* **Problem statement**
Please copy only the material from the line that has "Пижамные штаны Milwaukee" to the very last line, both ends included, exactly as written and without pictures.

* **Extracted records**

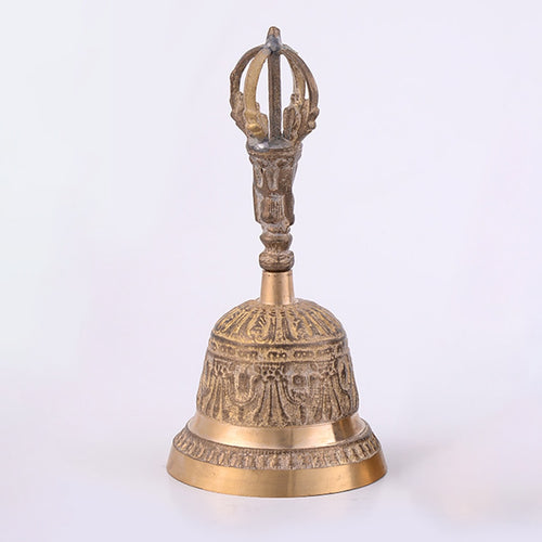 FengShui Loud Call Meditation Hand Bell Lucky Dinner Prayer Alarm Portable Desktop Tea Tibetan Buddhist Service Handmade Brass
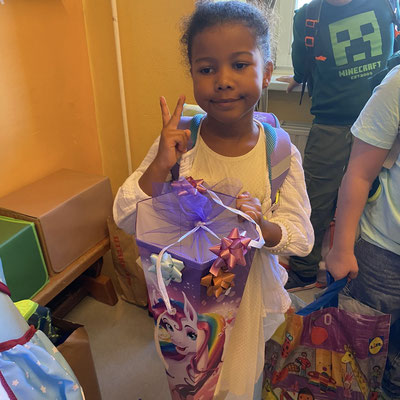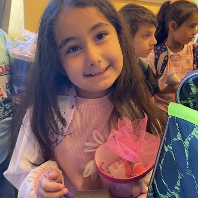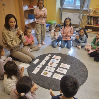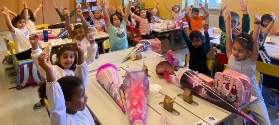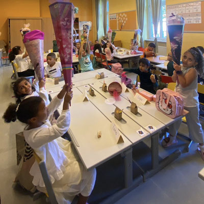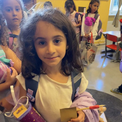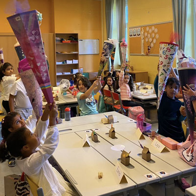 Endlich sind wir in der Schule. Die Schule ist lustig, denn in der Schule lernen wir viel. Wir lernen schreiben und rechnen und noch viel mehr. Momo, das kluge Kamel, wird uns immer gerne dabei helfen.
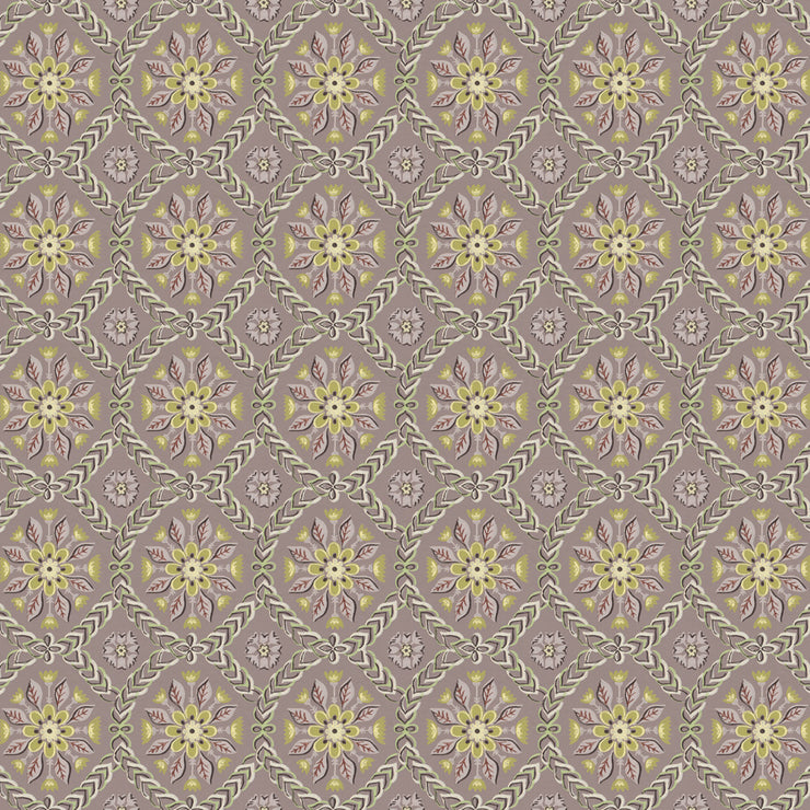 Floral Crest is an ornate design in a mauve colorway. The floral detailing here adds a delicate femininity that perfectly balances out a space. Subtle and refined, this design instantly welcomes a sense of sophistication. Part of our 1940s-1950s wallcovering collection, this is digitally printed to order and can be customized in scale, color, and material.
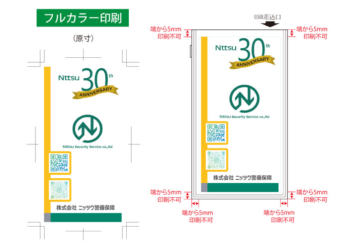 名入れ範囲の広いフルカラープリントにて、企業ロゴと周年ロゴ、そして2つのQRコードを印刷しております。
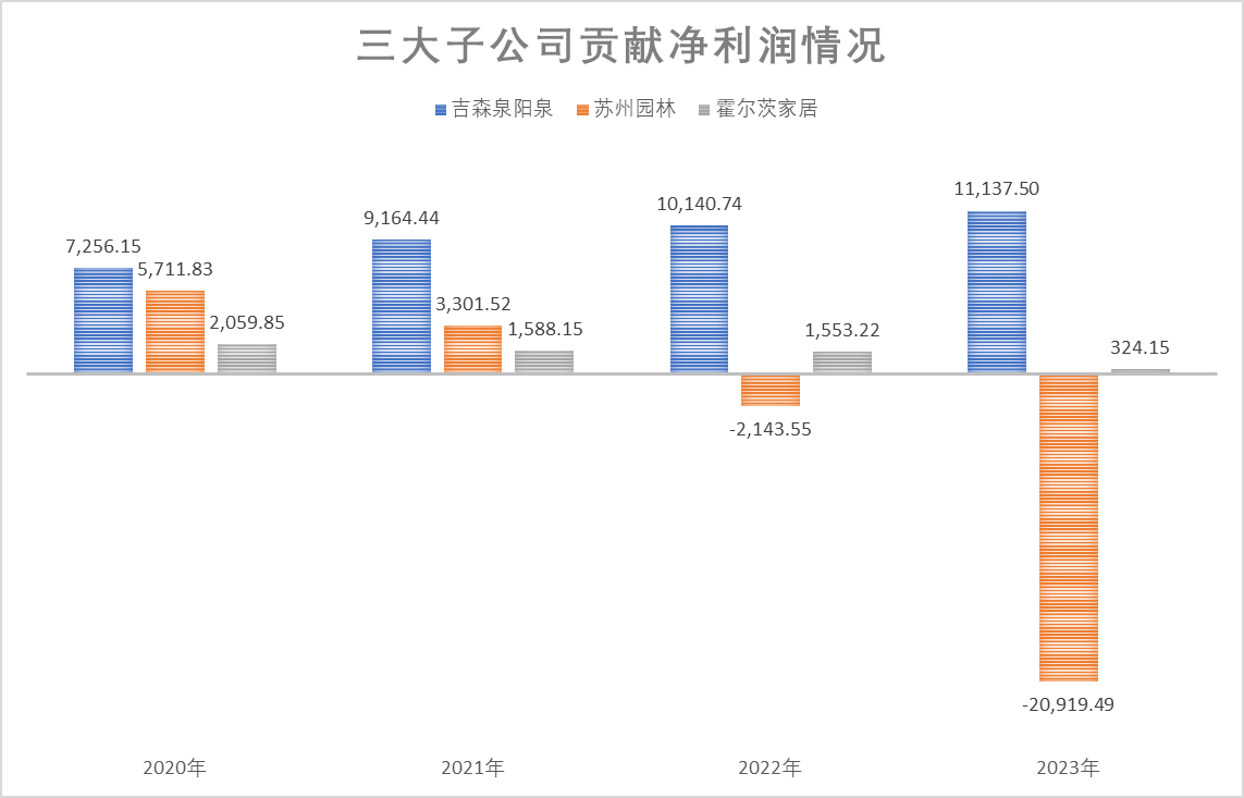 2020年-2023年,吉森泉阳泉饮品有限公司净利润贡献规模分别为7256.15万元、9164.44万元、1.01亿元和1.11亿元。而苏州工业园林和霍尔茨家居贡献净利润逐步减少,2022年-2023年,苏州工业园林连续亏损,2023年亏损规模达2.09亿元。
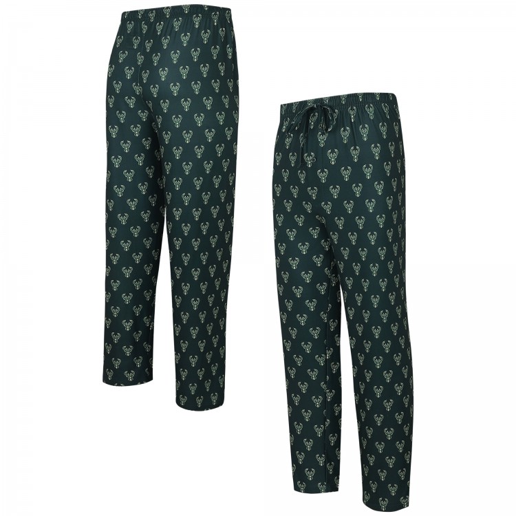 Пижамные штаны Milwaukee Bucks Concepts Sport Allover Logo Print Gauge - Hunter Green
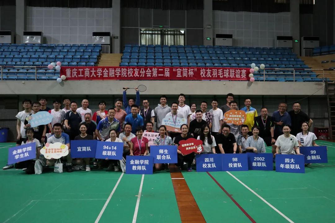 同一时间的体艺馆内,第二届“宜简杯”校友羽毛球联谊赛精彩纷呈。本次比赛有校友及bat365中文官方网站师生组建的10支队伍参赛。比赛现场气氛热烈,各队选手配合默契,展现出金融人奋发争先、团结拼搏的精神面貌。
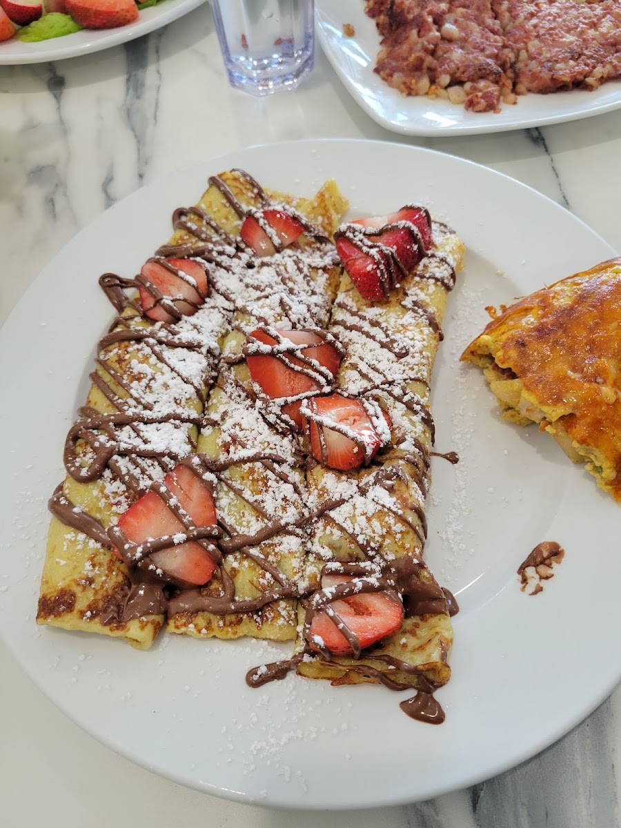 Very cute little diner! Amazing food with free coffee! Staff is very friendly. Went here with a friend and we shared strawberry Nutella crepes with some sausage links! Perfect serving for two people!
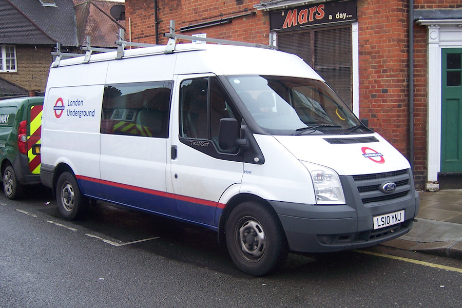 Details: Fleetnumbers 6907F to 6940F appeared in mid-2010 on a large batch of long-wheelbase Ford Transit crew vans allocated mainly to Acton Works. Disposals of the batch started in mid-2013 but around half survived into 2015. The first nine of the batch featured roof-racks, as shown by 6909F at East Acton on 31st January 2015. |

* **Result of the task**
 Пижамные штаны Milwaukee Bucks Concepts Sport Allover Logo Print Gauge - Hunter Green
 同一时间的体艺馆内,第二届“宜简杯”校友羽毛球联谊赛精彩纷呈。本次比赛有校友及bat365中文官方网站师生组建的10支队伍参赛。比赛现场气氛热烈,各队选手配合默契,展现出金融人奋发争先、团结拼搏的精神面貌。
 Very cute little diner! Amazing food with free coffee! Staff is very friendly. Went here with a friend and we shared strawberry Nutella crepes with some sausage links! Perfect serving for two people!
 Details: Fleetnumbers 6907F to 6940F appeared in mid-2010 on a large batch of long-wheelbase Ford Transit crew vans allocated mainly to Acton Works. Disposals of the batch started in mid-2013 but around half survived into 2015. The first nine of the batch featured roof-racks, as shown by 6909F at East Acton on 31st January 2015. |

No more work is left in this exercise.